### Description of the task
Pictures excluded, retype the lines from the one containing "鱼尾给料器安装在热粉碎机一侧" through the last line of the data below, both included.

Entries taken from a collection
================================
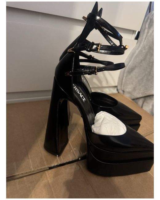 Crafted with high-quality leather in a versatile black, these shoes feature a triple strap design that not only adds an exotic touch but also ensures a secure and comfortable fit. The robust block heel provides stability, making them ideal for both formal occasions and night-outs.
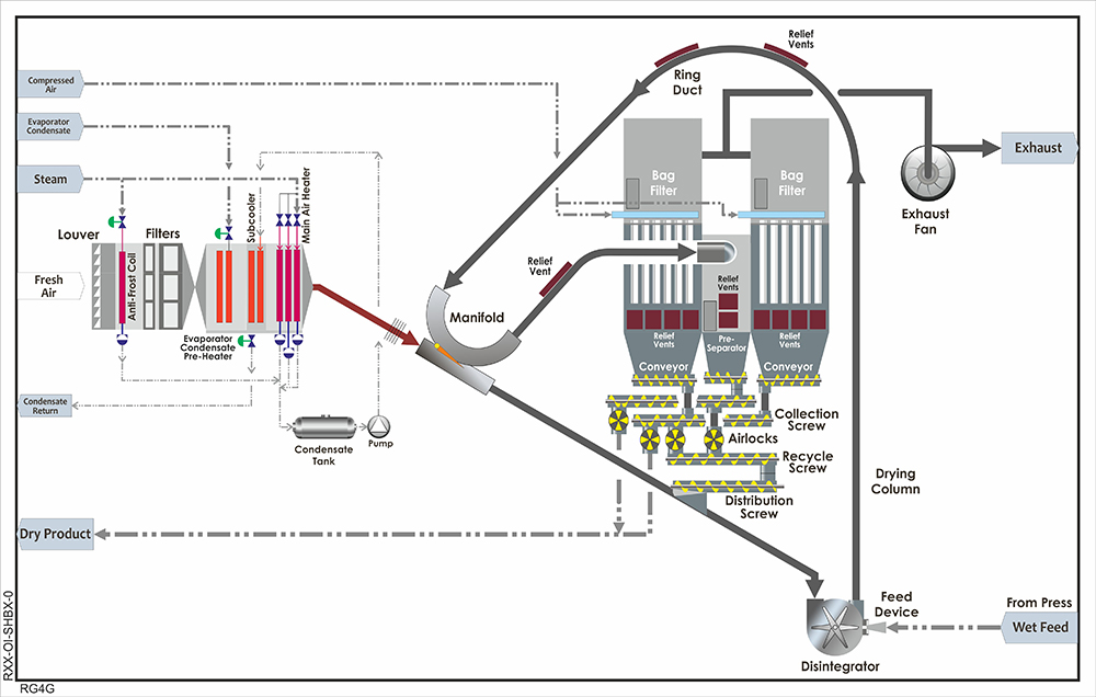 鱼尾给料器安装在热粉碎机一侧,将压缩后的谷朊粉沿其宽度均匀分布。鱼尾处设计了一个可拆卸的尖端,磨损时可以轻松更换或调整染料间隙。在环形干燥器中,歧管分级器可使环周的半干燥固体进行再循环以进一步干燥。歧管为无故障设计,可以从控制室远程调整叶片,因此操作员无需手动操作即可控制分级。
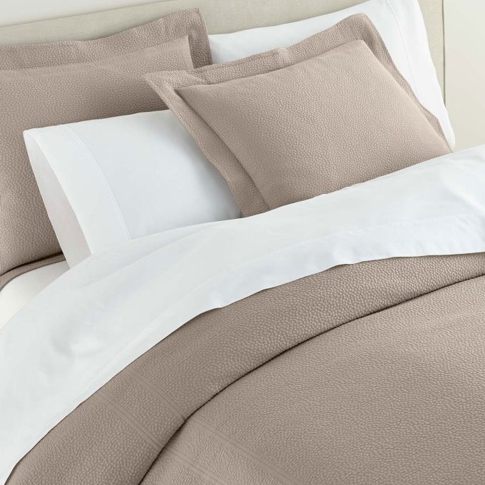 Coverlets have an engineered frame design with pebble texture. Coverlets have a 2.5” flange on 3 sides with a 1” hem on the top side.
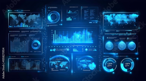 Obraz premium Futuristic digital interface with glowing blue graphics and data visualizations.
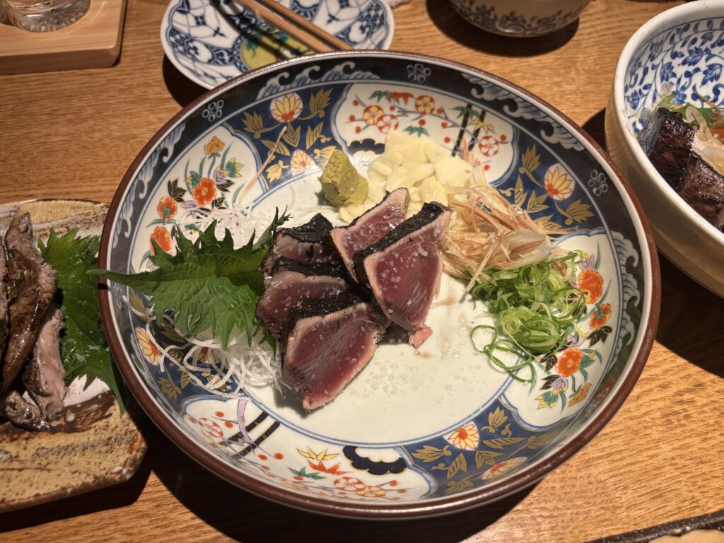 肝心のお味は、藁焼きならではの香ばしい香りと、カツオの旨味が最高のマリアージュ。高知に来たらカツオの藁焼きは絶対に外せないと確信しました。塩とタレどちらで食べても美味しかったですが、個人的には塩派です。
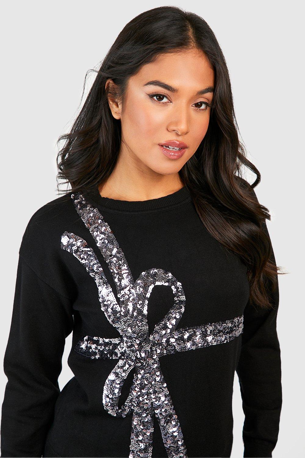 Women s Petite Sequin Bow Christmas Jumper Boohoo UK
================================
### Solution to this problem
 鱼尾给料器安装在热粉碎机一侧,将压缩后的谷朊粉沿其宽度均匀分布。鱼尾处设计了一个可拆卸的尖端,磨损时可以轻松更换或调整染料间隙。在环形干燥器中,歧管分级器可使环周的半干燥固体进行再循环以进一步干燥。歧管为无故障设计,可以从控制室远程调整叶片,因此操作员无需手动操作即可控制分级。
 Coverlets have an engineered frame design with pebble texture. Coverlets have a 2.5” flange on 3 sides with a 1” hem on the top side.
 Obraz premium Futuristic digital interface with glowing blue graphics and data visualizations.
 肝心のお味は、藁焼きならではの香ばしい香りと、カツオの旨味が最高のマリアージュ。高知に来たらカツオの藁焼きは絶対に外せないと確信しました。塩とタレどちらで食べても美味しかったですが、個人的には塩派です。
 Women s Petite Sequin Bow Christmas Jumper Boohoo UK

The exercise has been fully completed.